Чокнулись. Осушили бокалы.
– Но ведь случается, что и жёны переживают своих мужей, – заметил, давя зевок, Хусаинов. Ольга лишь усмехнулась и неконфликтно сделала взмах рукой – дескать, полно чушь городить, Алексей Григорьевич! Хусаинов опять взглянул на часы и встал.
– Ну что ж, мне пора. Приятных вам сновидений, Оленька.
Послюнявив пальцы, он погасил окурок, бросил его в ведро, и – куда быстрее, чем птица взмахивает крылом, повернулся к Ольге. В его руке был «Макаров», направленный ей в лицо, буквально перекосившееся от ужаса под слоями белой косметической маски. Разинув рот на неимоверную ширину, женщина отчаянно завизжала.
– На пол, сучара! – переорал её Алексей Григорьевич, – мордой в пол! Руки на затылок!
Глава пятая
Сигареты кончились.

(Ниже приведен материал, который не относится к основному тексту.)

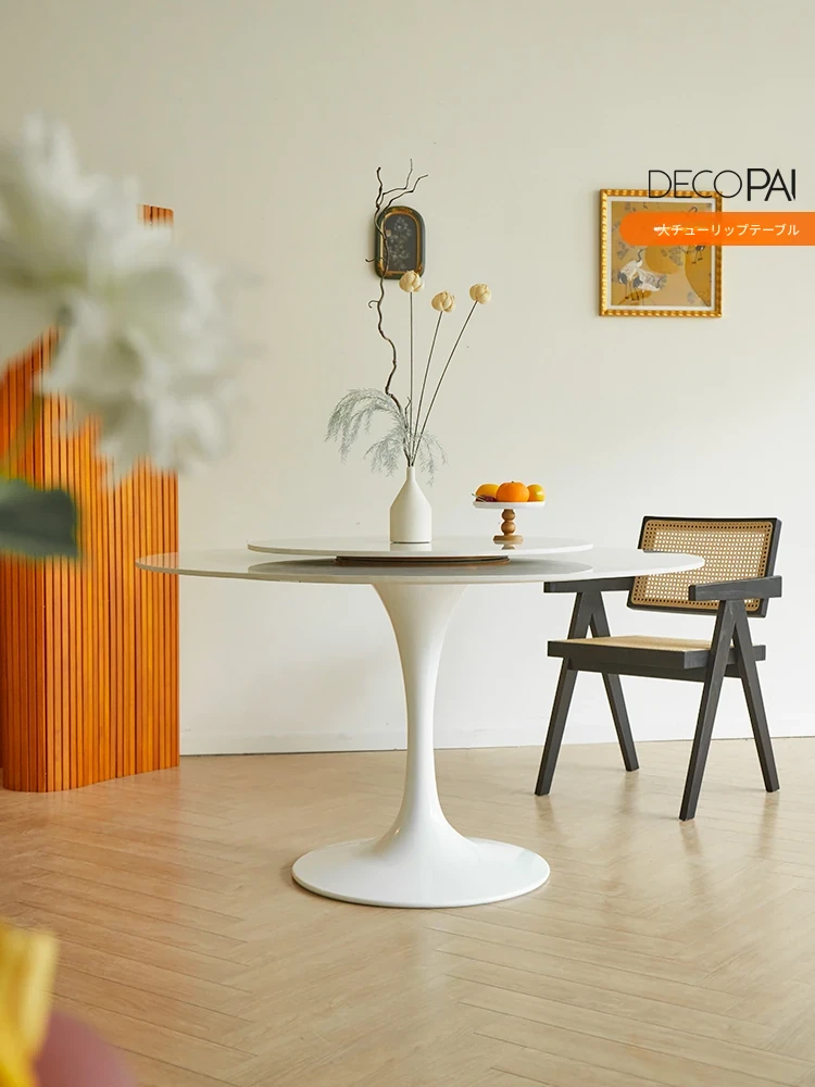 ホワイト岩板ダイニングテーブル|北欧風モダンデザイン|小スペース向けの人気ラウンドテーブル|家庭用|スタイリッシュな食事空間を演出!

Дождь слабел, усиливался, опять слабел. Исчерпав все темы и рассказав друг другу по анекдоту, Андрюшка и Кременцова затянули романс о душистых гроздьях белой акации. На втором куплете зазвонил радиотелефон.
– Уроды! – взвизгнула Кременцова, больше всего на свете любившая петь дуэтом – неважно с кем, хоть с коровой. Просунув левую руку, все пять ногтей на которой были острижены, между спинками передних сидений, схватила трубку.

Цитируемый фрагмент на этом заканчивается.